The universal-access canoe and kayak launch is one example of how the Parks department has listened to those requests. Located in place of the existing dock, the launch will feature guide rails for easy access in and out of the water, launch rollers for easy movement of the watercraft, and a transfer bench so paddlers using a wheelchair can easily board their watercrafts. When Marquardt shared that a grant had been submitted to fund the launch at a Creston Neighborhood Association pancake breakfast in March 2018, a man using a wheelchair approached him after the presentation.

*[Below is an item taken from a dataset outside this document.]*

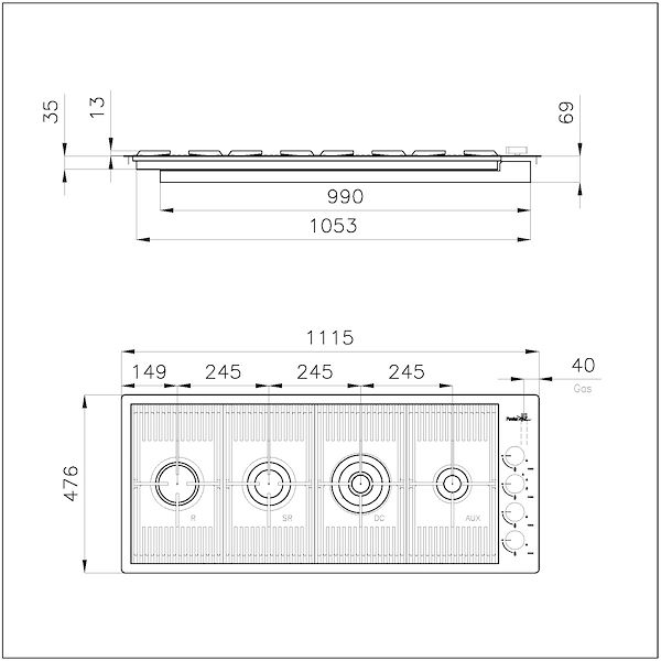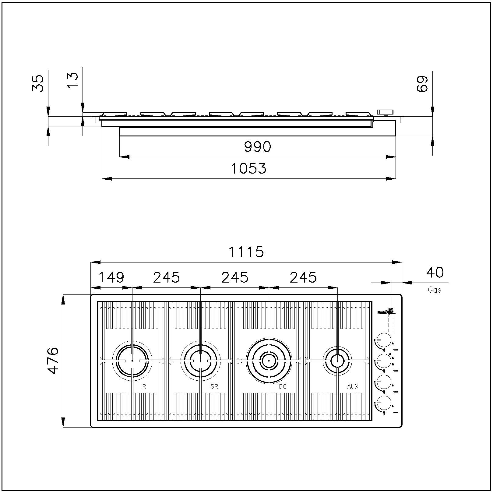 BRENNER AEOAEO-Brenner bieten 25 Prozent höhere Wirkungsgrade als Standardlösungen. Der Dual-Brenner mit 2 unabhängigen Kronen, die mit einem einzigen Knopf gesteuert werden, liefert eine Leistung von 1 bis 5 kW, wie sie nur in professionellen Modellen zu finden ist.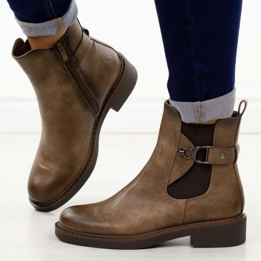 Brązowe płaskie botki damskie M.Daszyński sa252-7

“He had the biggest smile on his face,” Marquardt recalls. “He said, ‘You have no idea how much this means to me and the value it brings to me as an individual.’”

Marquardt notes that without Parks and Rec millage dollars, approved by voters in 2013, the department would not be able to apply for the matching grant funds that are making the accessible watercraft launch and other recent parks improvements possible.

A City park for three years shy of century, Riverside Park’s 187-acres provide 1.75 miles of Grand River frontage, a creek, woods, wetlands, mature trees and grass, ponds and the lagoon (which accesses the Grand River), and islands. During heavy rains, the park serves as a wetland, absorbing the Grand’s floodwaters. By the 1980s, the park had fallen into disrepair and was most popularly known for minor-league criminal activities taking place there. However, the City of Grand Rapids Parks Department has turned it around, making the park into one of the neighborhood’s favorite places to stroll, run, fish, play ball, and picnic.

“This park has come a long way,” Marquardt says “Ways we are seeing this turnaround include the past two years, when eighth-grade public school students came out for canoe trips. We had nearly 1,000 school children on the water in one week. Being there with those children on those paddling days, I saw kids who didn’t even know the park existed. They had a sense of awe, a sense of inspiration that was really, really impressive. It was a reminder that we have incredible, valuable, open park spaces in our city that need to be celebrated — and opportunities to make them more available, more accessible, and make people more aware of them.”